Whenever I make fun of Italians on my blog, the reaction is uncharacteristically voluminous, if split 50/50. Half say, “OMG, did you grow up in my neighborhood?” and half say, “Your hatred of Italians is the one thing I don’t get about you.”

The answer is in the question. I grew up in Hamilton, Ontario, the Brooklyn of Canada. And familiarity breeds contempt like a puppy mill.

Hamilton wasn’t a melting pot so much as a giant vat of ribollita. It didn’t help that the city has been a Mafia hub since Prohibition. We mangiacakes whispered the names “Rocco Perri” and “Johnny Papalia” with terror and admiration.

“After I moved to Toronto about 25 years ago, I came to miss the little greaseballs.”

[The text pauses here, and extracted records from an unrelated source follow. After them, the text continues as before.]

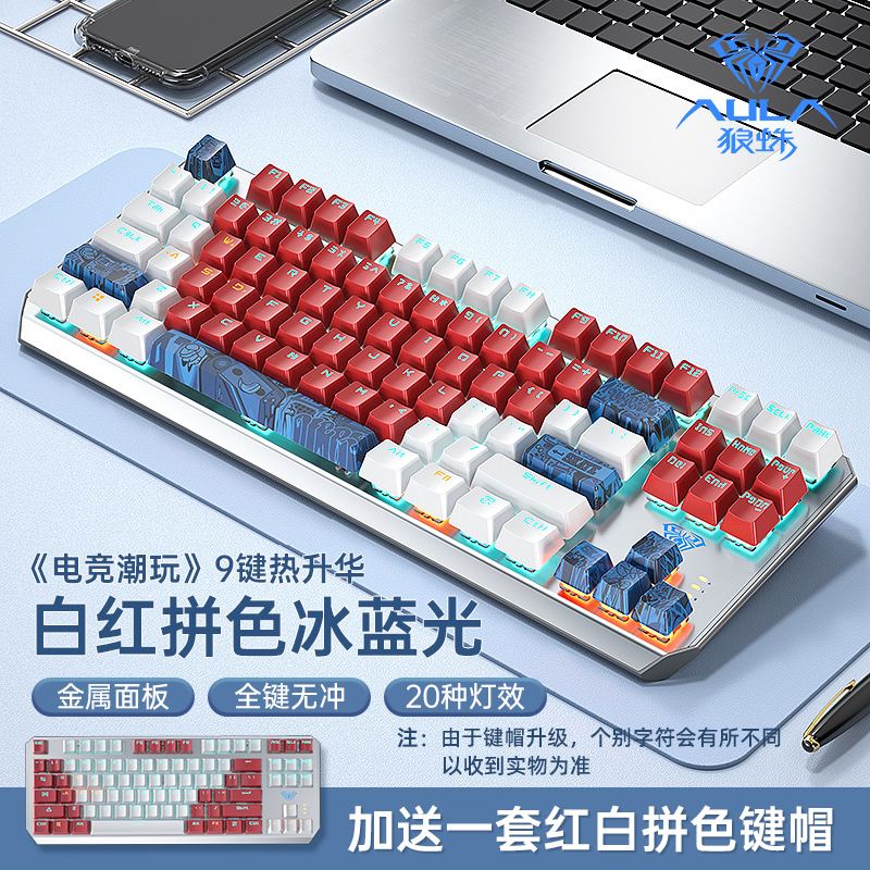 狼蛛机械键盘87键青轴黑轴茶红轴电竞游戏笔记本电脑有线办公便携
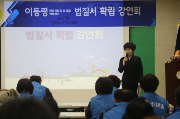 [충청뉴스큐] 이동령 증평군의회 의장이 지난 27일 증평군새마을회관 회의실에서 바르게살기운동증평군협의회 회원들을 대상으로 법질서 확립 특강을 실시했다.
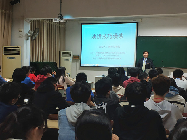为提升学院学生的人文综合素质,强化沟通解说技巧,年11月22日晚上,机电工程学院邀请黄旺生教授做“演讲技巧漫谈”专题讲座,学院团委副书记叶善斌、辅导员林燕钰及近100名学生参加讲座。
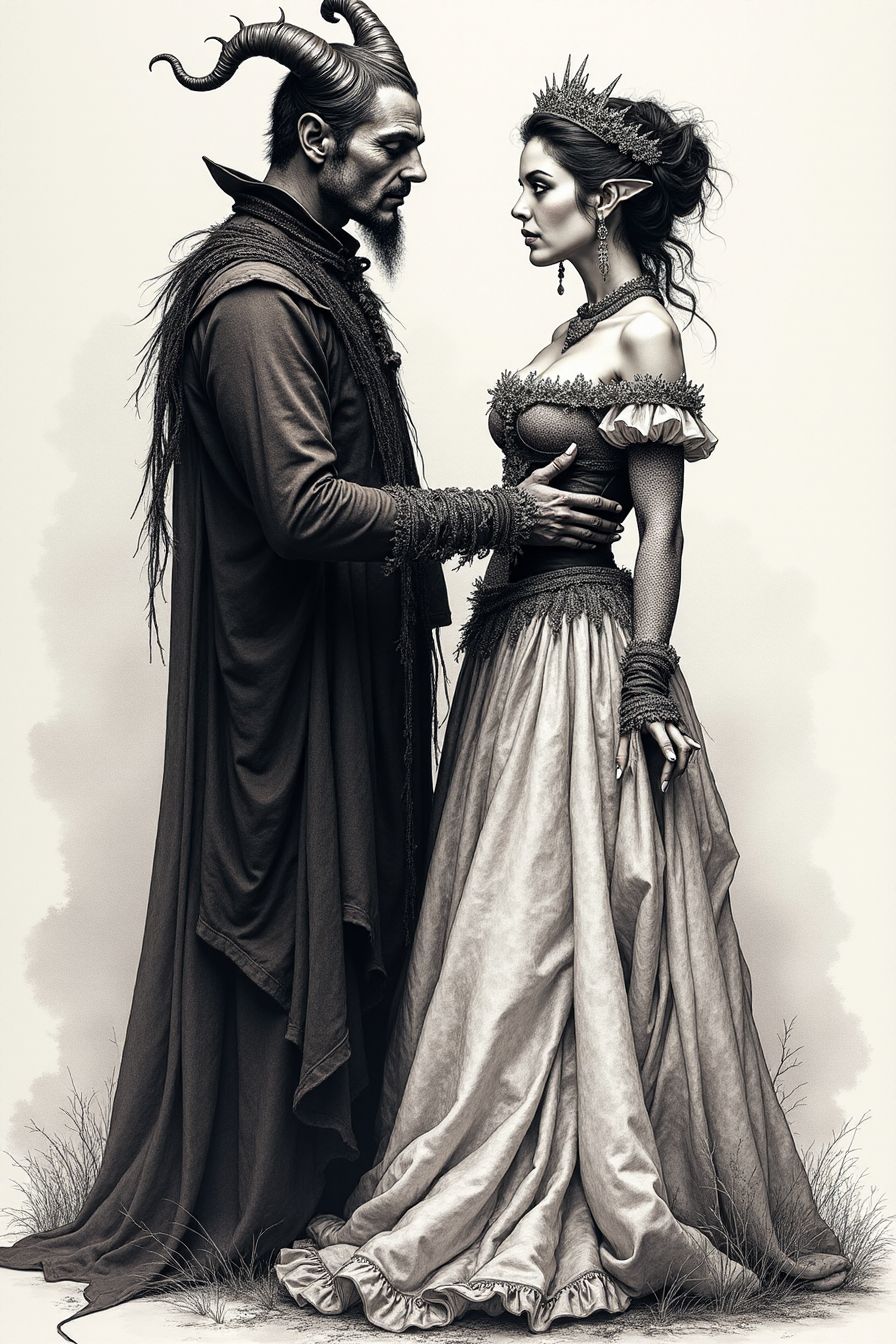 pen and ink rendition, almost as if alive, of a wicked hobgoblin and his captured lady fair, all made up in the finest silks
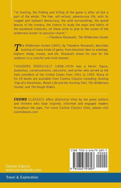 "In hunting, the finding and killing of the game is after all but a part of the whole. The free, self-reliant, adventurous life, with its rugged and stalwart democracy; the wild surroundings, the grand beauty of the scenery, the chance to study the ways and habits of the woodland creatures all these unite to give to the career of the wilderness hunter its peculiar charm." -Theodore Roosevelt, The Wilderness Hunter The Wilderness Hunter (1893), by Theodore Roosevelt, describes hunting of many kinds of game, from blacktail deer to antelope, bighorn sheep, moose, and elk. Roosevelt shows his love for the outdoors in a colorful and vivid manner.…mehr
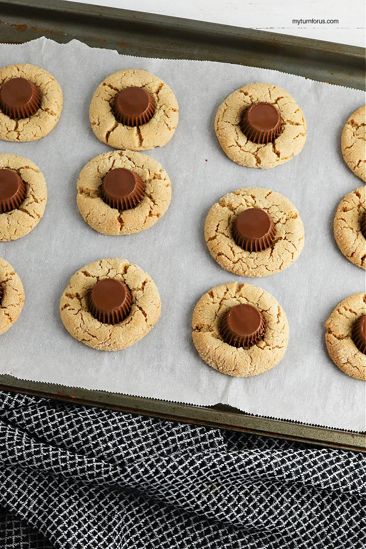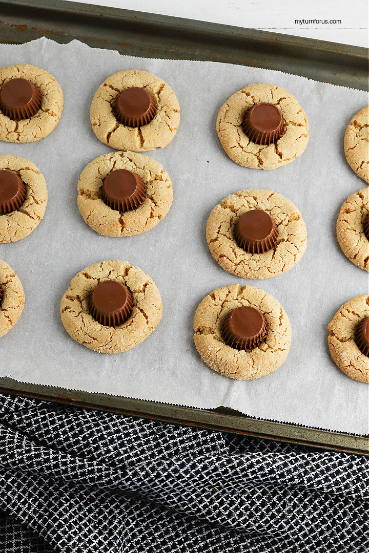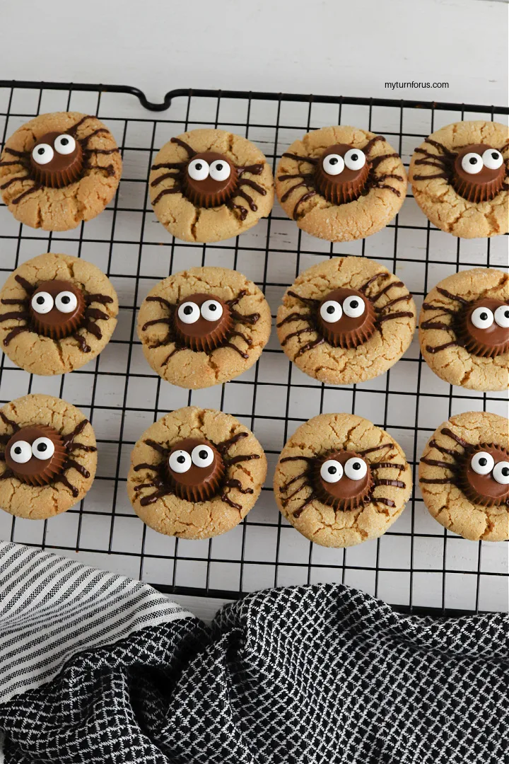 - Immediately after removing the cookies from the oven, press a chocolate peanut butter cup upside down into the top of each cookie. This will be the cute little spider’s body in the cookies.
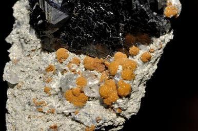 Keywords: Sphalérite, quartz, sidérite (Russie) .jpg fr Cristaux octaédriques de sphalérite de cristaux de quartz et de sphérules de sidérite own Parent Géry 02/02/10 Sphalerite Siderite Quartz Taken with Nikon D90
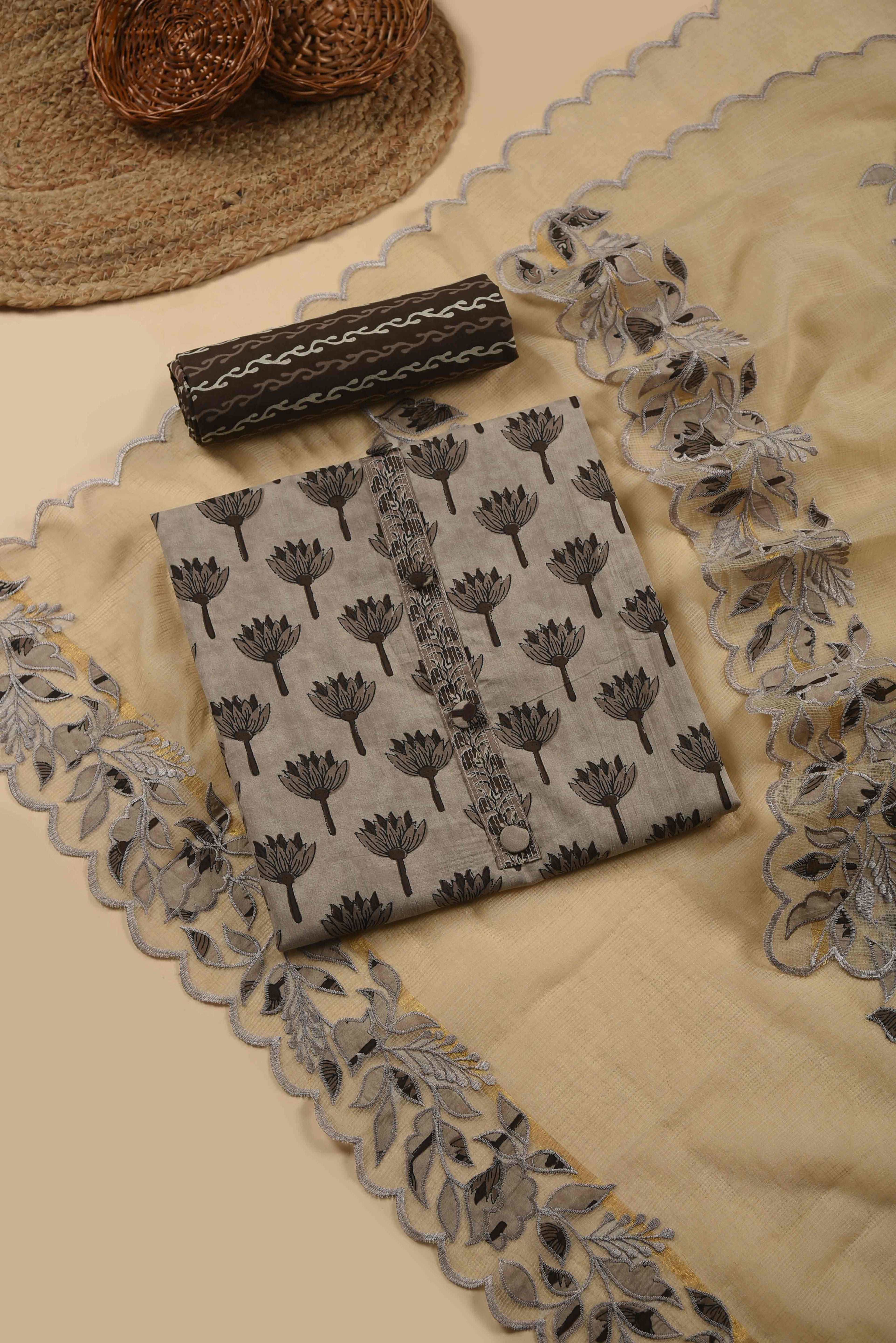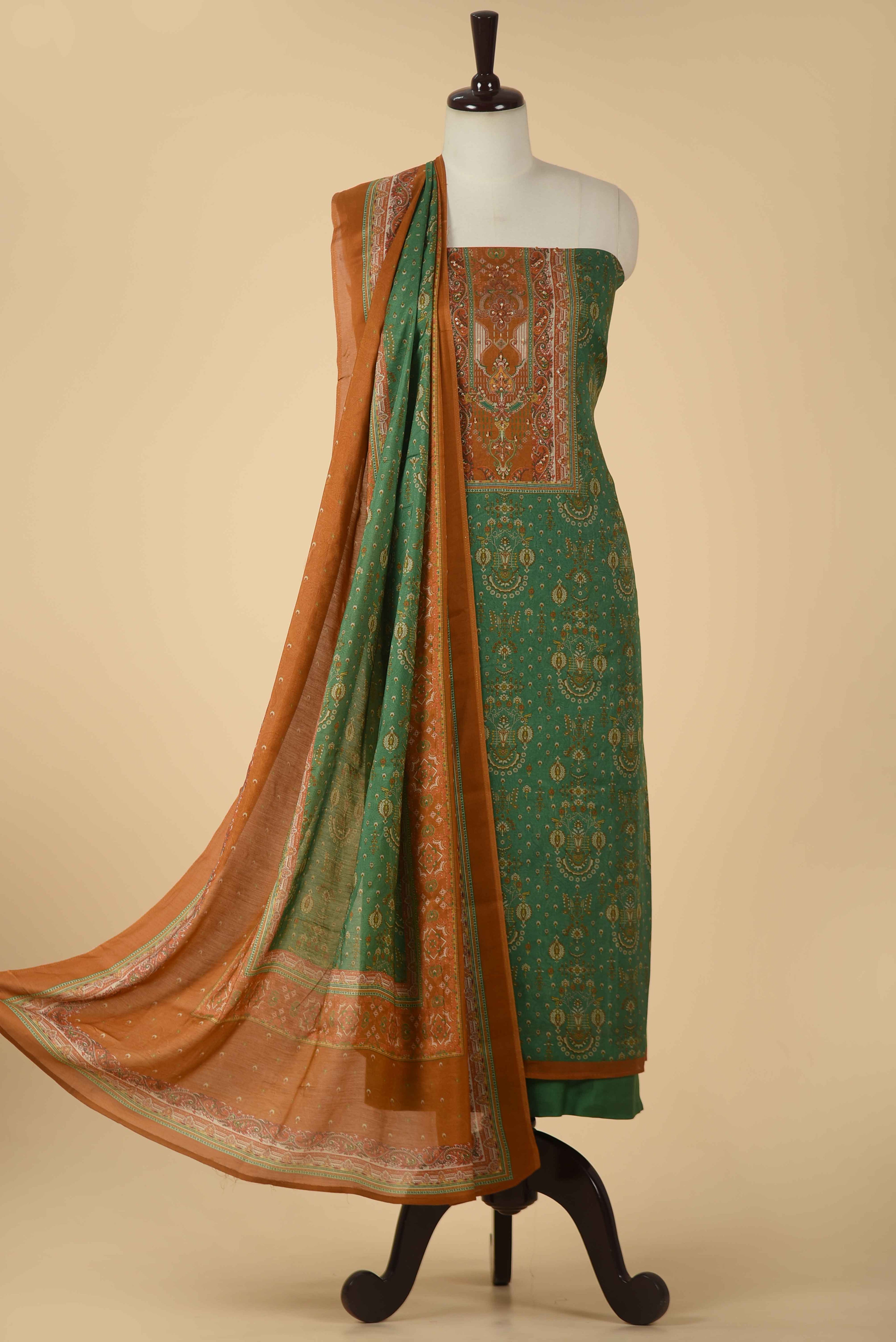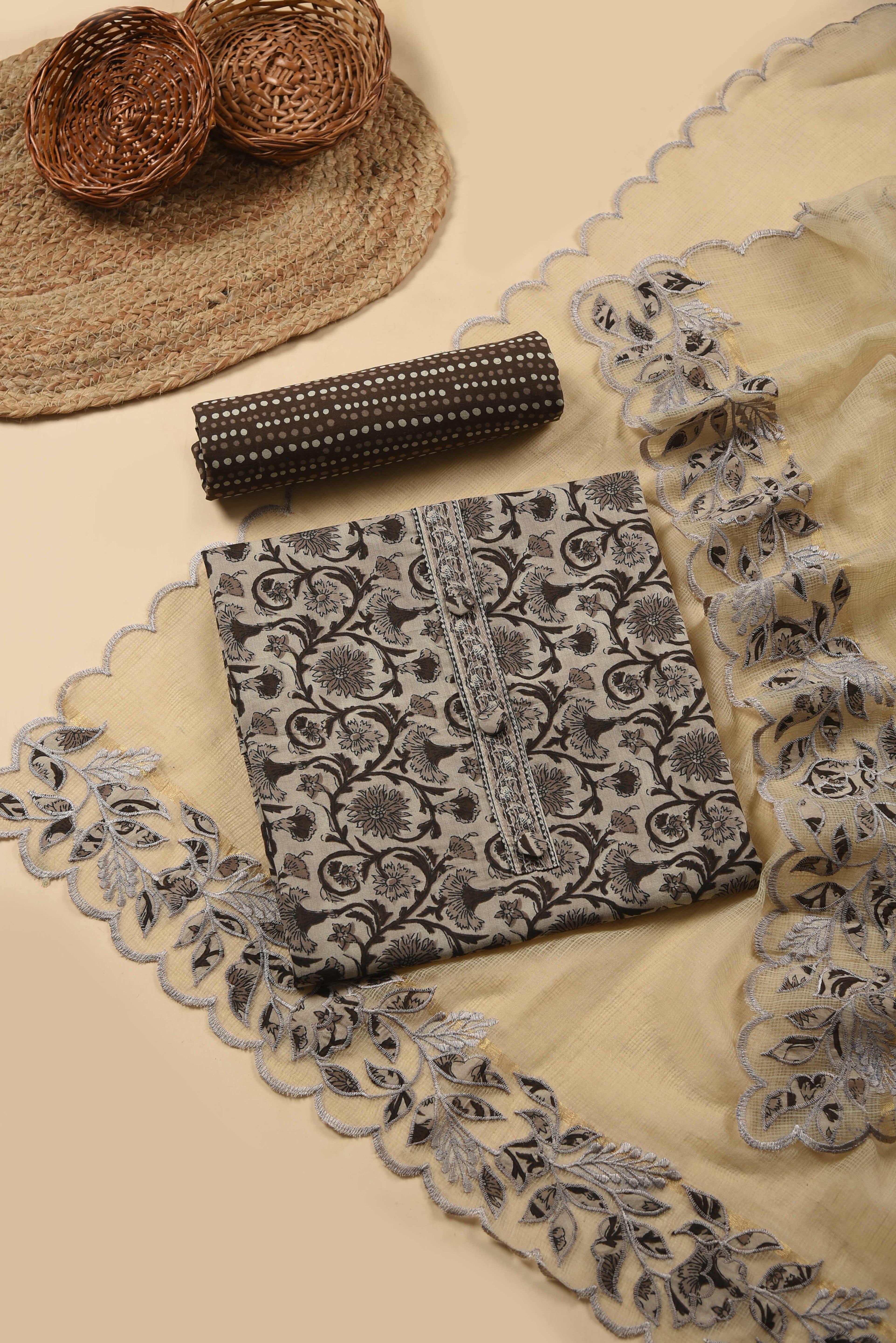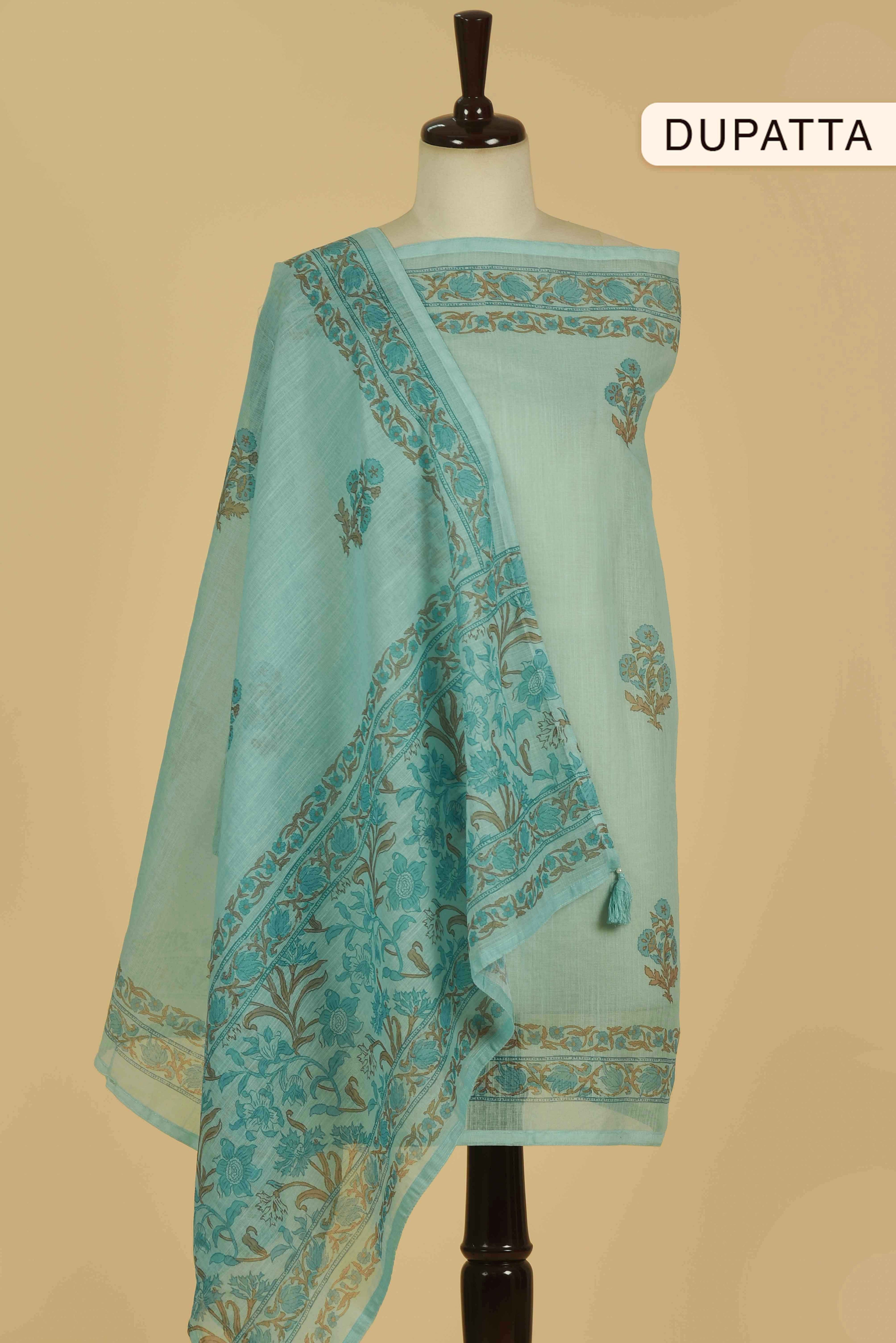 Black With Green Kota Hand Block Printed Unstitched Suit Fabric Set With Kota Hand Block Printed Dupatta
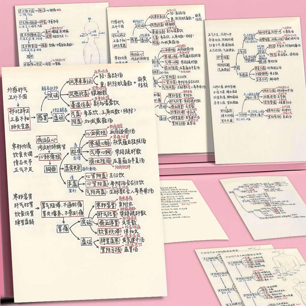 中医养生十四经脉流注顺序科普医学生手写笔记重点汇总学习贴纸
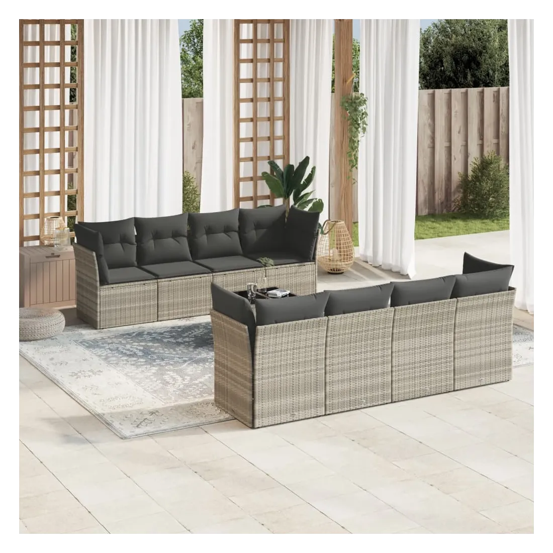 Cet ensemble de canapés de jardin est le complément parfait de votre arrière-cour, terrasse ou patio, offrant un espace confortable et accueillant pour discuter avec la famille et les amis ou simplement se détendre et profiter de l'extérieur. Matériau durable : la résine tressée, également connue sous le nom de poly rotin, est un matériau synthétique solide et nécessitant peu d'entretien qui ressemble au rotin naturel. Il est léger, facile à nettoyer et couramment utilisé pour les meubles d'extérieur en raison de sa durabilité et de ses propriétés de résistance aux intempéries.Expérience d'assise confortable : cet ensemble de meubles d'extérieur, doté de coussins épais, offre une expérience d'assise confortable.Housse amovible et lavable : ces coussins de siège sont dotés de housses amovibles pour un lavage et un entretien faciles.Dessus en verre : le dessus de la table d'extérieur est fabriqué en verre trempé solide et durable, ce qui le rend facile à nettoyer avec un chiffon humide et ajoute une touche d'élégance à votre espace extérieur.Conception modulaire : cet ensemble de meubles d'extérieur a une conception modulaire, ce qui le rend complètement flexible et facile à déplacer, afin que vous puissiez créer un agencement de meubles d'extérieur personnalisé. Bon à savoir :Pour que vos meubles d'extérieur restent beaux, nous vous recommandons de les protéger avec une housse imperméable.
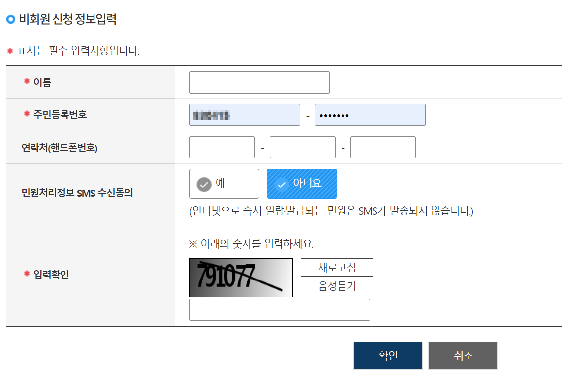 신청정보 입력에는 빨간색으로 별표시기 되어있는 필수정보만 입력하면 된다. (이름/주민등록번호/입력확인) 필수정보 입력 후 아래쪽의 확인 버튼을 클릭하여 다음으로 넘어간다.

But nobody thought every Italian was mobbed up. We figured if they were, they’d have enough money that they wouldn’t have to grow their own grapes and tomatoes or eat pigeons they strangled on the back stoop.

A recent issue of Maclean’s explains the plastic slipcovers and other Italian immigrant quirks. (I’m surprised they waded into this “racist” topic. This same publication racked up a reported $2 million in legal fees after they pointed out that Muslim women have lots of babies, then had to apologize for noticing that, hey, Canadian universities sure have lots of Asians these days.)

It turns out many “Italian” traditions are most confusing of all to “real” Italians, who visit Canada to attend freakishly tasteless weddings and meet relatives who might as well be cargo cultists or Yaohnanen tribesmen.

Maclean’s explains:

The poor immigrants’ almost religious respect for material property, coupled with their burning desire to impress one another, led to the creation of a set of domestic traditions that have little to do with what happens in the motherland. In a race to keep up with the Joneses, Italian-Canadian families would order expensive furniture from Italy—often baroque pieces of thick fruitwood or mahogany emulating those found in Italy’s antique, aristocratic residences—but would refrain from using them.

For those of us who can’t escape once the wedding’s over, all that “Italian heritage” stuff takes its toll: the obscene Romulus and Remus statuaries; the “douchebag yellow” Camaros; the chocolate sandwiches; the brainless Liberal Party loyalty; the spooky black-clad widows with the posture of jumbo shrimp; and the earsplitting horn-honking and traitorous foreign-flag-waving during World Cups. Like the swallows of Capistrano with hair, Hamilton’s young males heralded spring’s arrival by taking to the streets shirtless on the first nice day of the year, dragging their Rottweilers and pit bulls along on ropes and chains and boasting to each other, “My dog’s half wolf, you know.”